Blood of the Earth (Soulwood #1)(27)
Author: Faith Hunter

My breath came fast, my heart speeding. I raced through the trees, a zigzag course as if to unsettle a hunter who had me in his sights. Birds startled and called out, the alarm tones shrill. The trees caught my fear, throwing out warnings that felt like, Fire! Fire! Their greatest fear except for man. I could feel them through my thudding feet, their deep rootlets spreading like fingers, siphoning up water from far below ground as my fear spread and they prepared for danger. They shared the warning root-to-root, tree-to-tree, species-to-species—the old fear, Fire! Fire! I ran faster, my breath burning. Leaves fell like rain, hiding my passage.

I realized I was on a path and I spun away from it, into the underbrush.
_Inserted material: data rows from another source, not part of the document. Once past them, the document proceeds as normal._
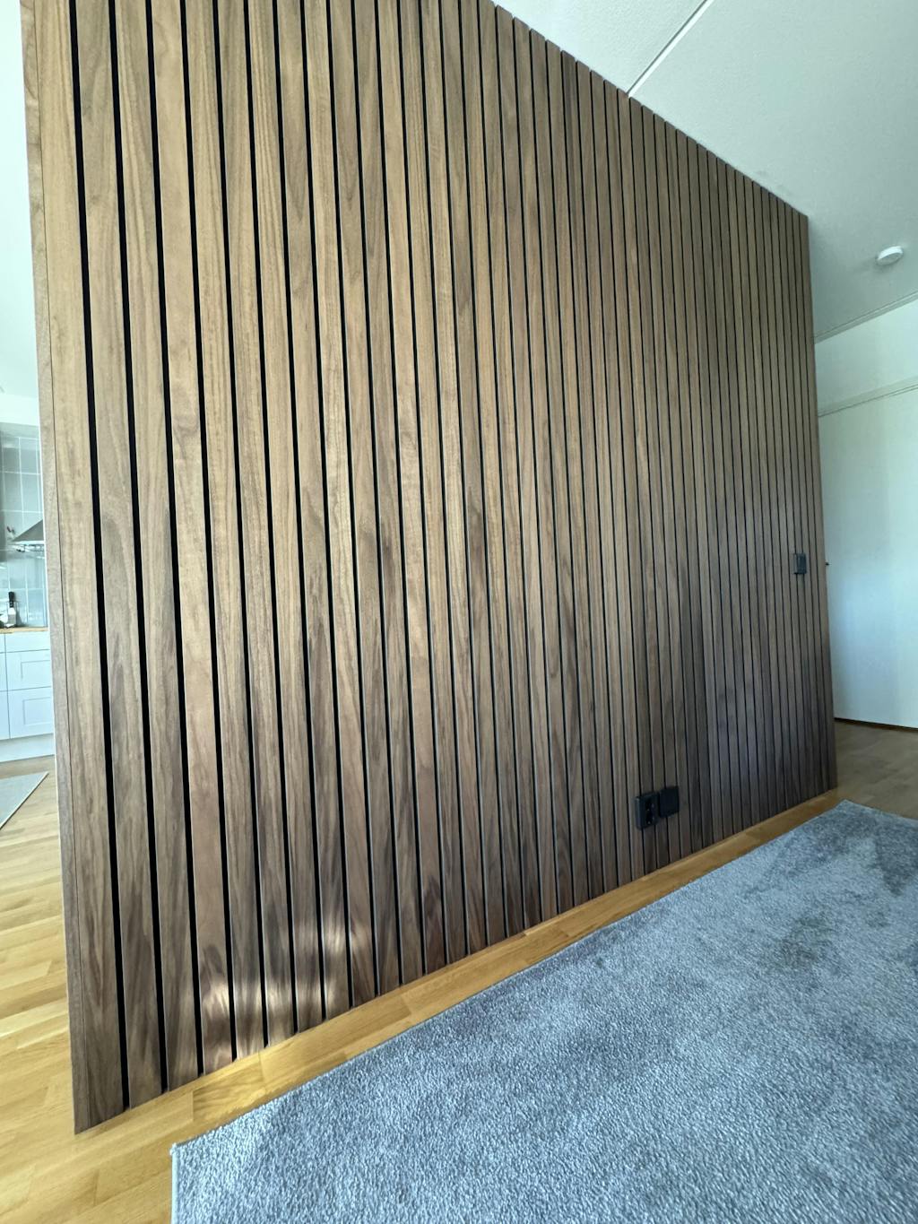 Denna variant har 50 mm breda ribbor med endast 10 mm mellanrum, i jämförelse med 27 mm breda ribbor och 13 mm mellanrum som resten av vårt sortiment. Vi började med att erbjuda denna i valnöt, då det är vårt bäst säljande träslag (nu finns denna variant även i oljad ek). Valnöt är känt för sin naturliga skönhet och rika färgtoner, det är ett exklusivt träslag.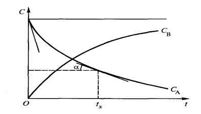 Например, в ходе реакции А ® В концентрация исходного вещества А уменьшается, а продукта реакции В – увеличивается и кинетическая кривая имеет вид (рисунок 1).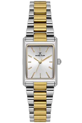 DANIEL KLEIN DK-14123-4. Reloj analógico para mujer de diseño rectangular de 22 × 32mm. Cuenta con una esfera plateada, una caja de acero rectangular del mismo color y una elegante correa de acero bicolor. Equipado con un fiable movimiento de cuarzo japonés.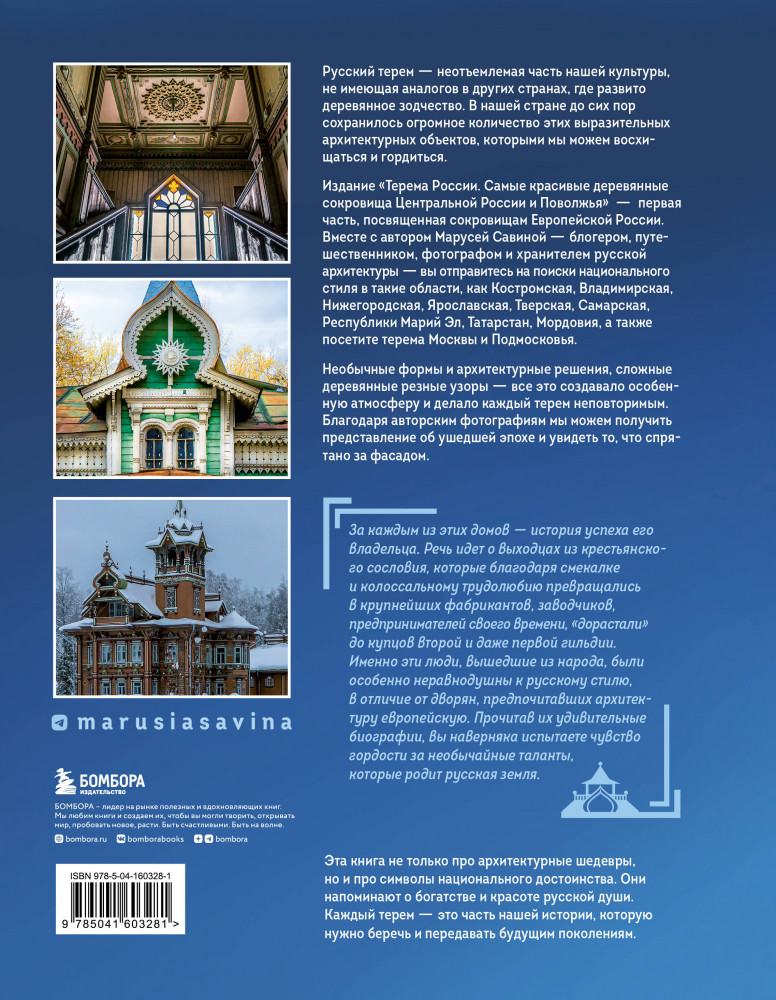 Издание «Терема России. Самые красивые деревянные сокровища Центральной России и Поволжья» посвящено невероятным сокровищам Центральной и Европейской части России. Вместе с автором, Марусей Савиной — блогером, фотографом, исследователем и хранителем русской архитектуры, вы отправитесь на поиски национального стиля в такие области, как Костромская, Владимирская, Нижегородская, Ярославская, Тверская, Самарская, Республики Марий Эл, Татарстан, Мордовия, а также посетите терема Москвы и Подмосковья. Необычные формы и архитектурные решения, сложные деревянные резные узоры — все это создавало особенную атмосферу и делало каждый терем неповторимым. Благодаря авторским фотографиям мы можем получить представление об ушедшей эпохе и увидеть то, что спрятано за фасадом.

I must be far from the school, because here, there was heavier growth. Blackberries that scratched my skin and pulled at my clothes and hair. I dropped to hands and feet and crawled into a patch of bracken, pushing aside the large fern-leaves and ducking beneath low limbs of trees. Hiding. Heart pounding. Around me, field mice, lizards, and snakes dashed and undulated away in fear.

Lungs burning, I crawled deeper into the bracken until I was surrounded by ferns and my bare hands were buried beneath last year’s leaves, into the mosses and the damp soil. Things crawled over my wrists and arms, many-legged and fast, as my hands disrupted their lives.

People were watching me. Always watching me.

And . . . Occam had bled. Were-blood, hot and potent, all across the earth beneath him. The wood had wanted that blood. I had wanted that blood. Had thought, just for an instant, about what it would feel like to feed him to the earth. I was . . . I was evil.

I was evil, just like the churchmen had said.

And . . . the moon. Were-creatures and the full moon. That meant something, explained something, but I didn’t remember what. I only remembered that I had been terrified, and when I was terrified I wanted blood. Always, even if just for a moment, I wanted blood for the earth, to give the trees strength and power and to claim it for my own as I had Soulwood. Oh God. What am I? What kind of devil am I? My leg muscles twitched, my heart and lungs pumped, my skin burned. With each breath, my lungs made a retching, tearing sound.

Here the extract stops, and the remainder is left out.